BTW - I can confirm that canon's pop-up flash is completely disabled if anything is mounted in the hot shoe. That includes other flashes, the TTL Sync cord, etc. That said, if you mounted something there that had no electrical contacts the camera would not know of it's presence.

November 11, 2008 7:04 PM  
Blogger jphphotography said...

Hi David, I just wanted to share a template for you and other to help describe shot setups. I've seen these used before but was never able to find a place to download a template. I made this using Google Sketchup and I figured other people could benefit from it.

The project file can be downloaded here http://rapidshare.com/files/162910758/Complete_Studio_low_poly_model.skp
Feel free to modify it to suit your needs.

Here is a picture of what I'm talking about http://www.flickr.com/photos/jphphotography/3022880229/

Thanks for all the great blog articles, you've really opened up a new aspect of photography to me.

James Hildebrandt
www.jphphotography.ca

November 11, 2008 7:17 PM  
Anonymous Anonymous said...

Why is this technique called "Run-and-Gun" ?

November 12, 2008 12:19 AM  
Anonymous kurt said...

since you're taking q&a, I've got one more- if forced to shoot ttl and not manual, what light metering do you use? spot? center-weighted, etc? I'm guessing spot off a face...

November 12, 2008 12:55 AM  
Anonymous Anonymous said...

I shot a portrait using on-axis fill. Ambient was an incandescent above and behind. You can see it as a highlight in the hair. There is also slight ambient from a window camera right. On-axis is SB25 1/4 power no gel, key is SB25 1/4 power 1/4 CTO camera left in a small softbox. I have three pics (below); one with all lights, one with only key, and one with only on-axis fill. You can see the added fill on the background wall paper.

Photo Links
All Stobes: http://www.flickr.com/photos/bugtrumpet/2979483076/

Key Only: http://www.flickr.com/photos/bugtrumpet/2978642245/

On Axis Fill Only: http://www.flickr.com/photos/bugtrumpet/2979475784/

November 12, 2008 12:57 AM  
Blogger ggfergu said...

I use the on-axis fill all the time in my wedding photography. It works in just about any situation.

I can shoot groups with 1 umbrella this way and not have major effects from fall-off.

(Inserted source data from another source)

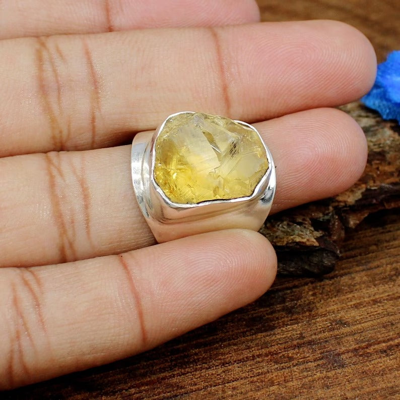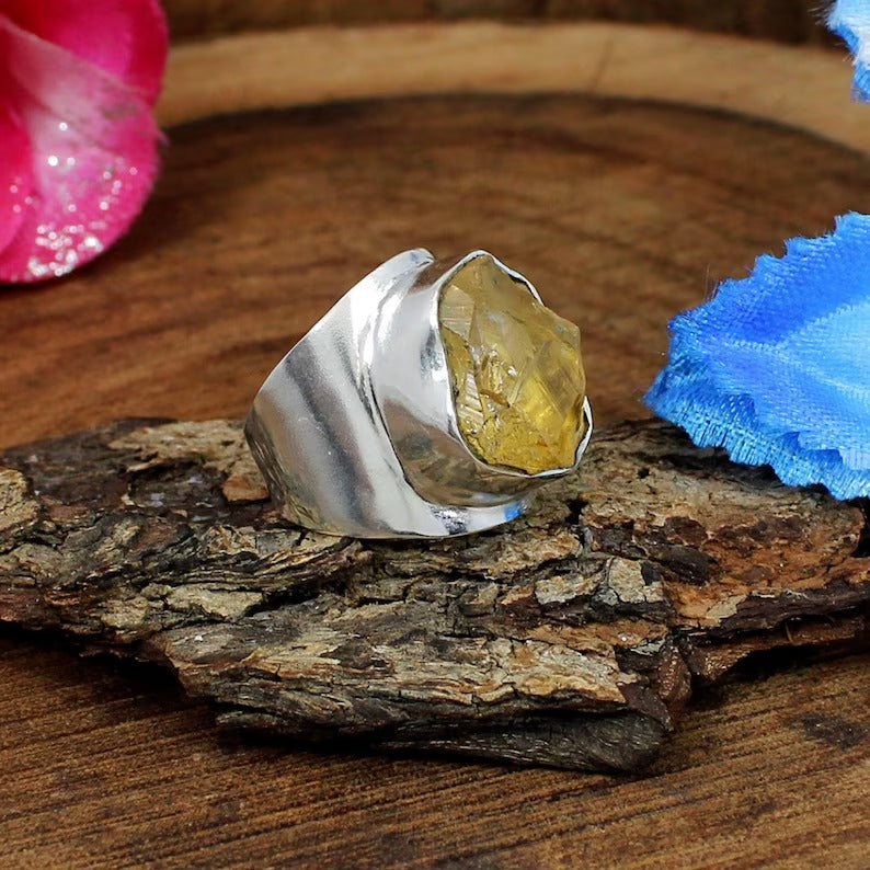 Raw Citrine Gemstone 92.5 Sterling Silver Ring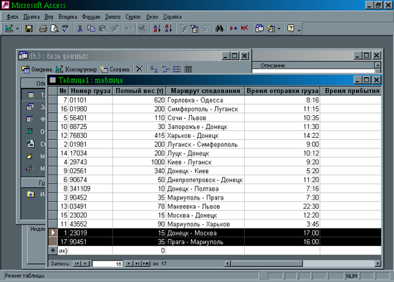 Открываем таблицу базы данных своего варианта, выполнив команду: Вид – Режим таблицы
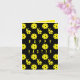 Tarjeta de Pascua amarilla y negra doblada con pelotas de pickleball y conejos con lunares. Texto personalizado en el interior.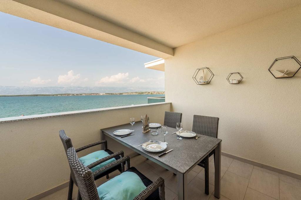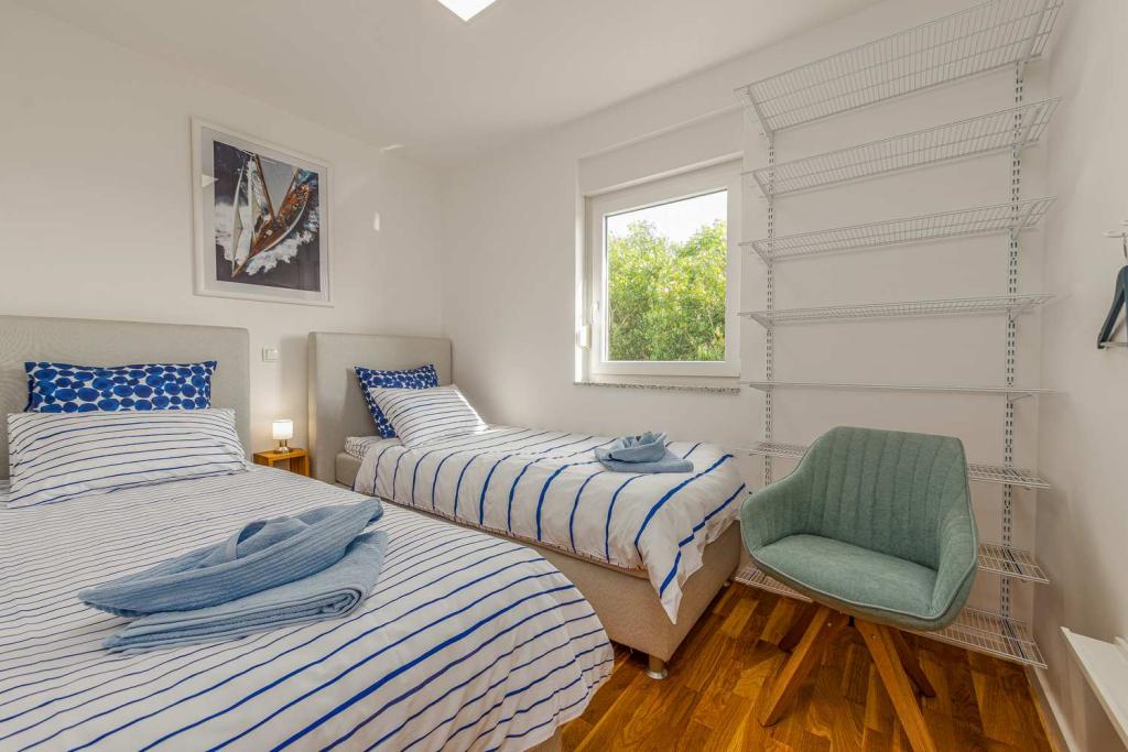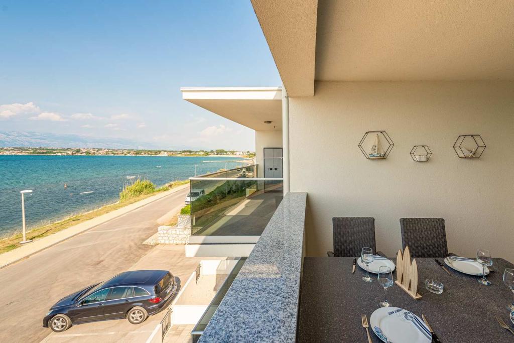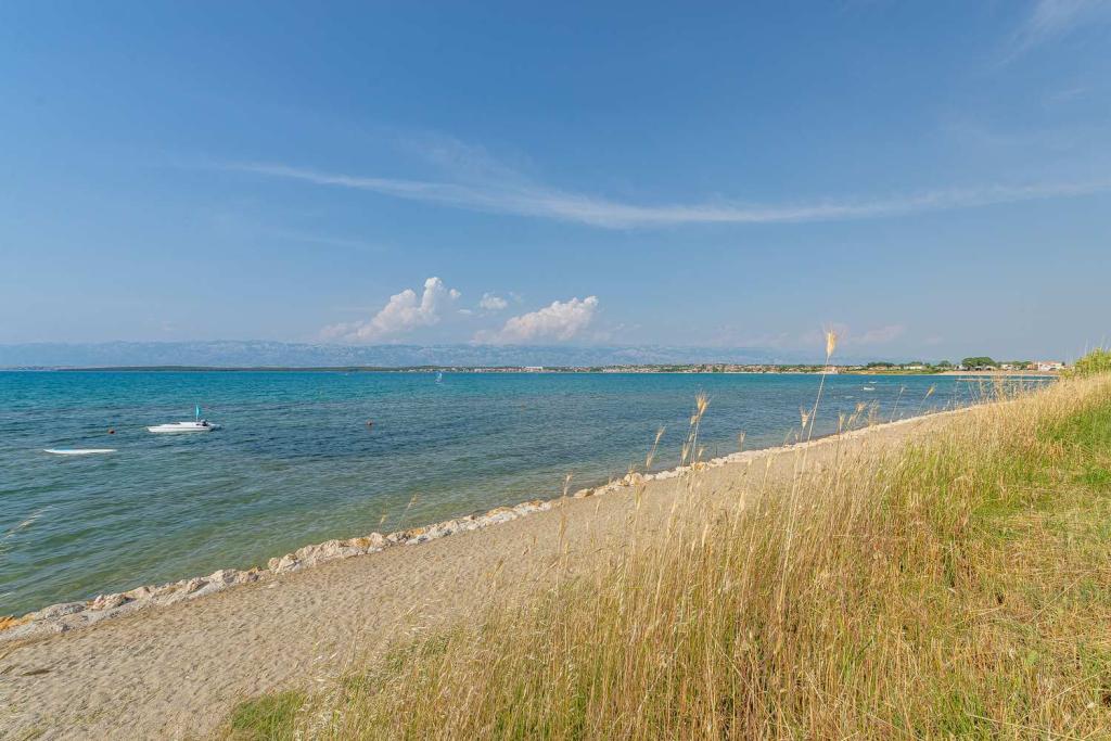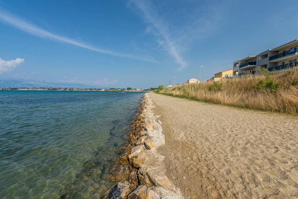 Eerste rij vanaf de zee! 10 meter van het voetgangersstrand. 5 minuten van het oude centrum van Nin. Modern appartement, mooi ingericht, zeer goed uitgeruste keuken (vaatwasser, broodrooster, waterkoker, elektrisch koffiezetapparaat, magnetron, koelkast met vriezer, oven, 4 inductiekookplaten). 1 slaapkamer met tweepersoonsbed + 1 slaapkamer met 2 eenpersoonsbedden. Douche en wasmachine. Fantastisch uitzicht op zee vanaf uw terras.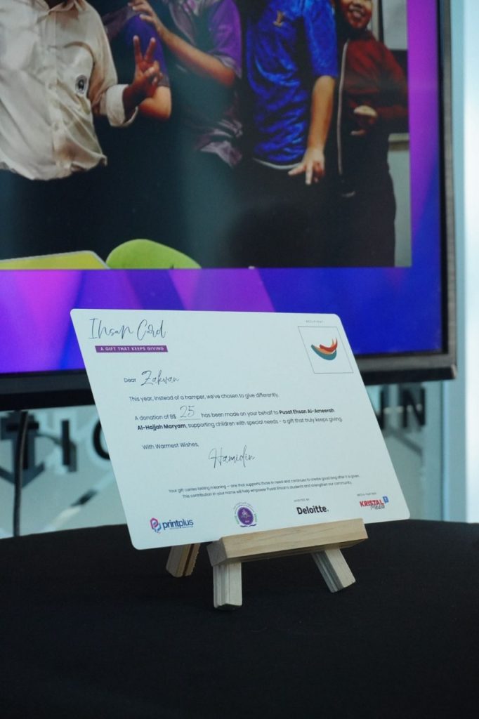 “The Ihsan Card is more than a gift — it’s a reminder that generosity can have a lasting impact,” said Reeda Hj Malik, General Manager of Print Plus Sdn Bhd. “We hope it inspires a culture of kindness and shared responsibility across our community.”

This is also ideal for receptions where I cross-light the dance floor, shoot perpendicular to my main lights, and use on-camera to fill. This gives a much more '3D' feel to photos that you simply can't get with the 'miner's helmet light' alone.

November 12, 2008 11:56 AM  
Blogger xlphotog said...

Sorry, Bro, I can get 'Sculpting With Light" cheaper through Amazon.

Love your sight. I'm bored so I am going to try making pvc frames for all the rip stop nylon I have that wasn't doing me any good in the back of my closet.

Craig

November 13, 2008 4:24 PM  
Blogger Jeff said...

David,

Great post. I have been dialing in for ambient with manual, then TTL'ing the SB800. Seems to be more consisten than letting A or S-priority do its thing at -1, then +1'ing the SB800.

I also seem to be getting inconsistent results with my on-board set to fill (usually at -1 to -1.7), so leave that off.

My SB800 is on my tripod, similar to your strobe on a rope, but triggering it CLS mode instead of SC17. I like the tripod vs the monopod since I have a free-standing light (albeit only 5 feet high) if I need one.

Can't wait to see the Q&A post.

November 13, 2008 4:57 PM  
Anonymous Brad Walters said...

That's a worthwhile technique in a pinch. Anything is better that direct flash.

November 13, 2008 9:12 PM  
Anonymous Jammy Straub said...

I've been using on axis fill for a lot of my work recently.

This image was shot using an SB-800 in a XS softbox of camera to left with an SB-800 on camera triggering and filling the shadows. I love the strange modeling effect it creates.

http://www.flickr.com/photos/enzyme00/2942274355/

November 14, 2008 12:45 PM  
Anonymous Brian Williams said...

David,

Thanks so much for all you do! I attempted using the on-axis fill yesterday during a family portrait session and posted some pics as well as setup pics at my blog:

www.bdwblog.com.

November 18, 2008 10:24 AM  
Blogger Chill said...

I got my D90 in early September with a SB600. I tried using the one flash by itself in TTL mode and didn't like the face shadows, so I tried -1 to -2 TTL on the on cam flash and -boom- fine pix. Hard flash, ceiling bounce, wall bounce, thru umbrella, I could do anything I want with the off-cam flash, and the camera did all the work. Almost like cheating.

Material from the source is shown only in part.